[TASK DIRECTIONS]
Return each record word for word, keeping none of its pictures.
DATA UNDER STUDY below:
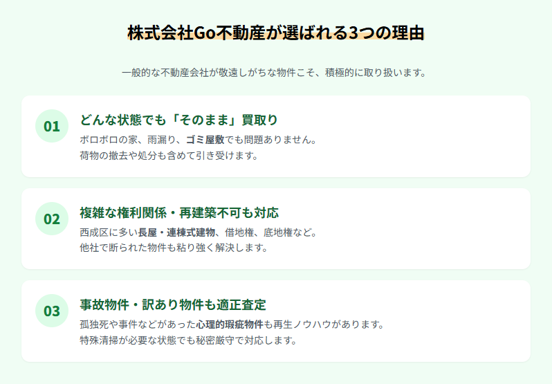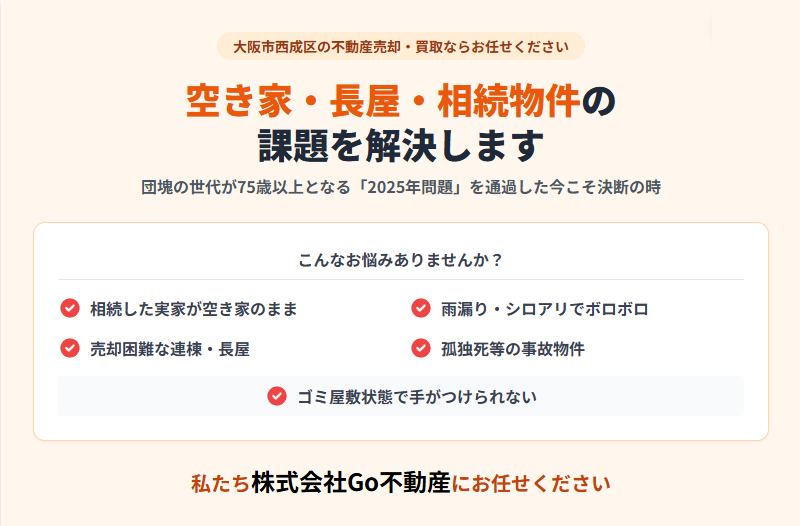 私たち株式会社Go不動産は、こうした「訳あり物件」や「処分に困っている不動産」の買取りを専門としています。
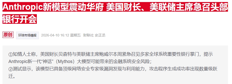 美监管机构强推Anthropic新工具华尔街大行将进入“自查模式”
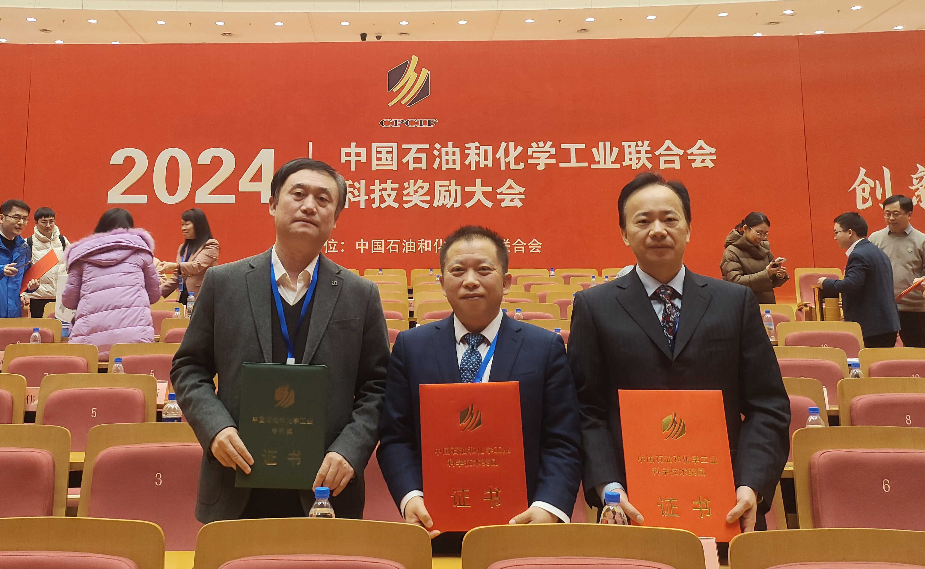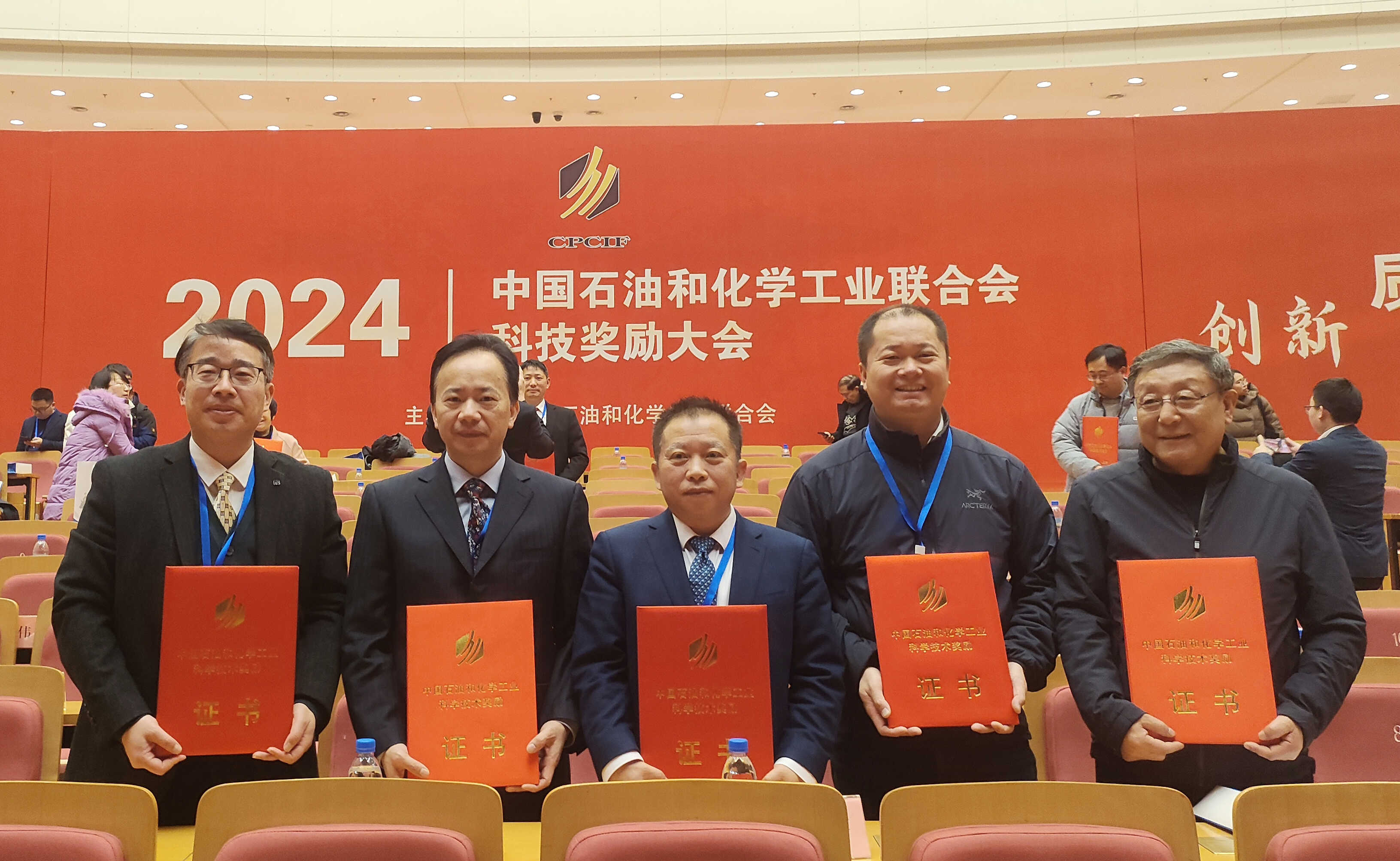 12月30日,2024年中国石油和化学工业联合会科技奖励大会在北京召开。大会隆重表彰了2024年度我国石油和化工行业科技创新的获奖单位和个人,大连化物所所长刘中民,科研及职能部门相关人员,以及陕西延长石油(集团)有限责任公司、延长中科(大连)能源科技股份有限公司等合作企业代表出席会议。大连化物所朱文良研究员、刘中民院士主持完成的“二甲醚经乙酸甲酯制乙醇技术”项目荣获2024年中国石油和化学工业联合会技术发明奖特等奖,邵志刚研究员团队的发明专利“一种固态聚合物电解质水电解池双极板及其制备方法”荣获石油和化工行业专利奖金奖?;嵘?,刘中民受邀作特等奖专题报告。
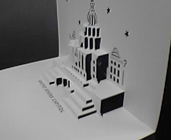 ![]() ![]() ![]() ![]() I had lunch today at the National Building Museum which gave me a chance to shoot another fisheye photo. While there, I discovered that the annual Festival of Origami Architecture is tomorrow from 10am - 4:30pm. Alas, I already made plans and once again can't go. Origami architecture is the art of crafting pop-up sculptures out of a single piece of paper with only cuts and folds. The patterns are designed from scratch, and the most complex can take years of thinking. The last photo shows a greeting card that opens to reveal a dimensional model of the U.S. Capitol. This particular example is mass-produced by a laser cutter, but true origami artists cut their pieces by hand. You're not likely to make it to this festival, but you can download free PDF patterns from the Baud & Bui web site to try on your own. And noting to myself: Symphony In Steel - Ironworkers and the Walt Disney Concert Hall is showing through August 22. - mike lee - washington, dc |
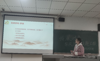 发展对象通过前期调研,主要围绕优良学风和不良学风的现实表现、不良学风的原因及解决方法、如何在学风建设中发挥党员先锋模范作用这几个方面展开做主题汇报,老师们做现场点评和指导,与同学们就学风展开热烈讨论。贾甚杰老师对此次活动总结,她对同学们就学风做的调研和思考给予了肯定,讲解了加强学风建设的重要意义,并对优良学风再次进行深入解读,鼓励党员和发展对象保持谦虚谨慎的作风,实际行动做到“向上向善,大气担当”,德智体美劳全面发展,建设好党员的良好形象,努力成为全班、全院乃至全校员工的榜样。
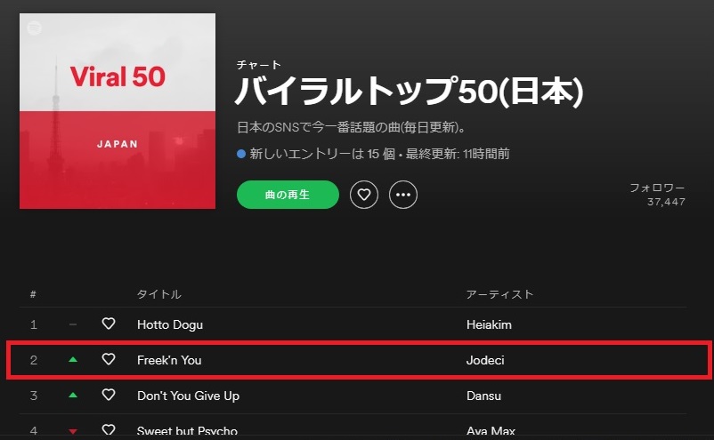 「Freek’n You」がSpotify「バイラルトップ50」デイリー・チャート2位! 2018.10.31 TOPICS アニメ『ジョジョの奇妙な冒険 黄金の風』のエンディング曲で話題のJODECI(ジョデシィ)の「Freek’n You」がSpotify「バイラルトップ50」にてデイリー・チャート2位(10月27日、29日付)!! ウィークリー4位獲得!! ▼ Jodeci「Freek’n You」 はこちら
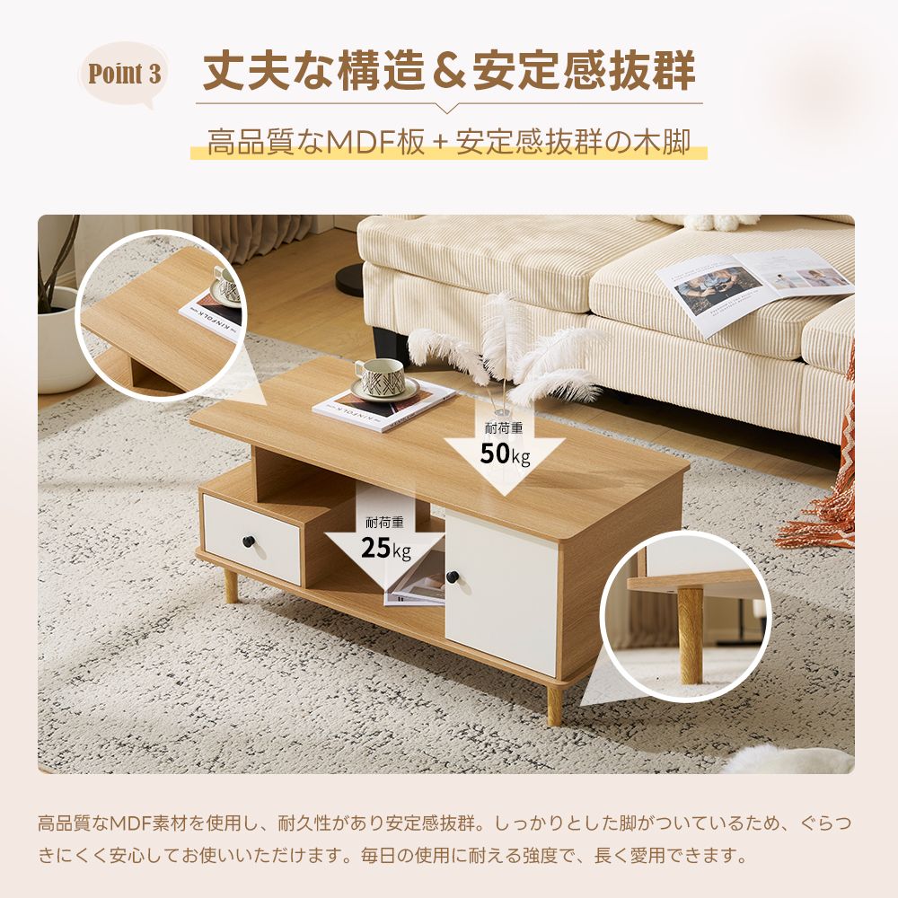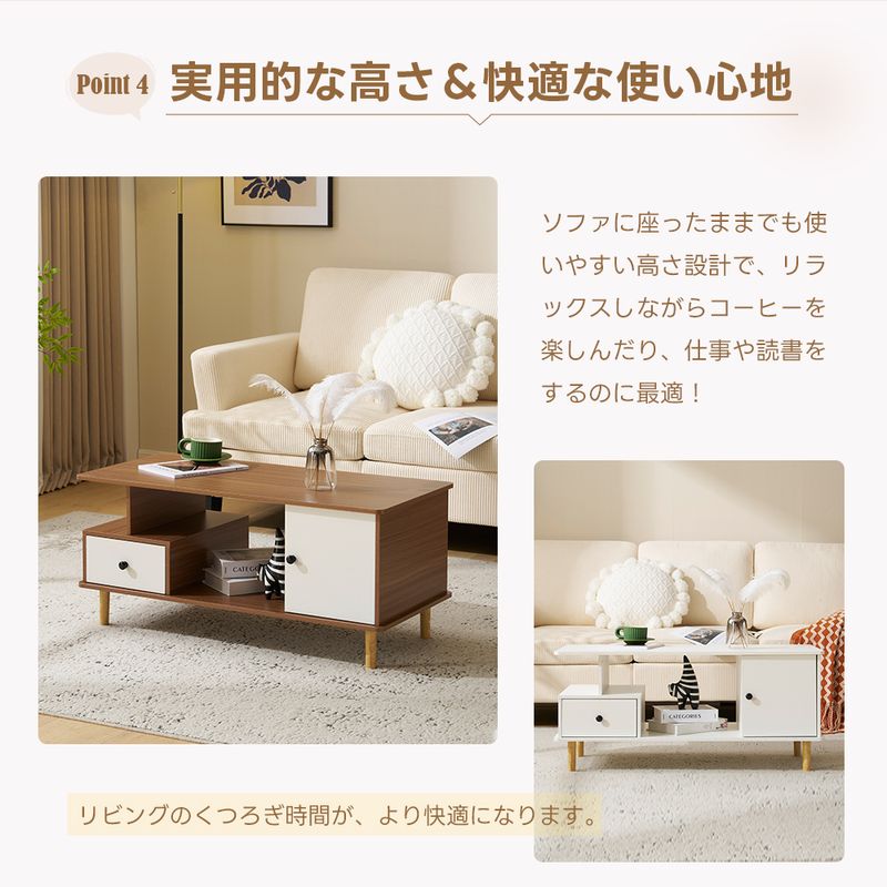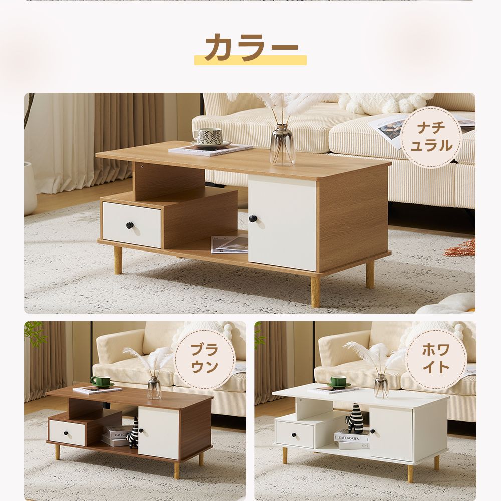 センターテーブル ローテーブル 収納付き 引き出し付き ラック付き 大容量 多機能 リビングテーブル カフェテーブル 北欧 おしゃれ ナチュラル
End of DATA UNDER STUDY.
[TASK RESULT]
 私たち株式会社Go不動産は、こうした「訳あり物件」や「処分に困っている不動産」の買取りを専門としています。
 美监管机构强推Anthropic新工具华尔街大行将进入“自查模式”
 12月30日,2024年中国石油和化学工业联合会科技奖励大会在北京召开。大会隆重表彰了2024年度我国石油和化工行业科技创新的获奖单位和个人,大连化物所所长刘中民,科研及职能部门相关人员,以及陕西延长石油(集团)有限责任公司、延长中科(大连)能源科技股份有限公司等合作企业代表出席会议。大连化物所朱文良研究员、刘中民院士主持完成的“二甲醚经乙酸甲酯制乙醇技术”项目荣获2024年中国石油和化学工业联合会技术发明奖特等奖,邵志刚研究员团队的发明专利“一种固态聚合物电解质水电解池双极板及其制备方法”荣获石油和化工行业专利奖金奖?;嵘?,刘中民受邀作特等奖专题报告。
 ![]() ![]() ![]() ![]() I had lunch today at the National Building Museum which gave me a chance to shoot another fisheye photo. While there, I discovered that the annual Festival of Origami Architecture is tomorrow from 10am - 4:30pm. Alas, I already made plans and once again can't go. Origami architecture is the art of crafting pop-up sculptures out of a single piece of paper with only cuts and folds. The patterns are designed from scratch, and the most complex can take years of thinking. The last photo shows a greeting card that opens to reveal a dimensional model of the U.S. Capitol. This particular example is mass-produced by a laser cutter, but true origami artists cut their pieces by hand. You're not likely to make it to this festival, but you can download free PDF patterns from the Baud & Bui web site to try on your own. And noting to myself: Symphony In Steel - Ironworkers and the Walt Disney Concert Hall is showing through August 22. - mike lee - washington, dc |
 发展对象通过前期调研,主要围绕优良学风和不良学风的现实表现、不良学风的原因及解决方法、如何在学风建设中发挥党员先锋模范作用这几个方面展开做主题汇报,老师们做现场点评和指导,与同学们就学风展开热烈讨论。贾甚杰老师对此次活动总结,她对同学们就学风做的调研和思考给予了肯定,讲解了加强学风建设的重要意义,并对优良学风再次进行深入解读,鼓励党员和发展对象保持谦虚谨慎的作风,实际行动做到“向上向善,大气担当”,德智体美劳全面发展,建设好党员的良好形象,努力成为全班、全院乃至全校员工的榜样。
 「Freek’n You」がSpotify「バイラルトップ50」デイリー・チャート2位! 2018.10.31 TOPICS アニメ『ジョジョの奇妙な冒険 黄金の風』のエンディング曲で話題のJODECI(ジョデシィ)の「Freek’n You」がSpotify「バイラルトップ50」にてデイリー・チャート2位(10月27日、29日付)!! ウィークリー4位獲得!! ▼ Jodeci「Freek’n You」 はこちら
 センターテーブル ローテーブル 収納付き 引き出し付き ラック付き 大容量 多機能 リビングテーブル カフェテーブル 北欧 おしゃれ ナチュラル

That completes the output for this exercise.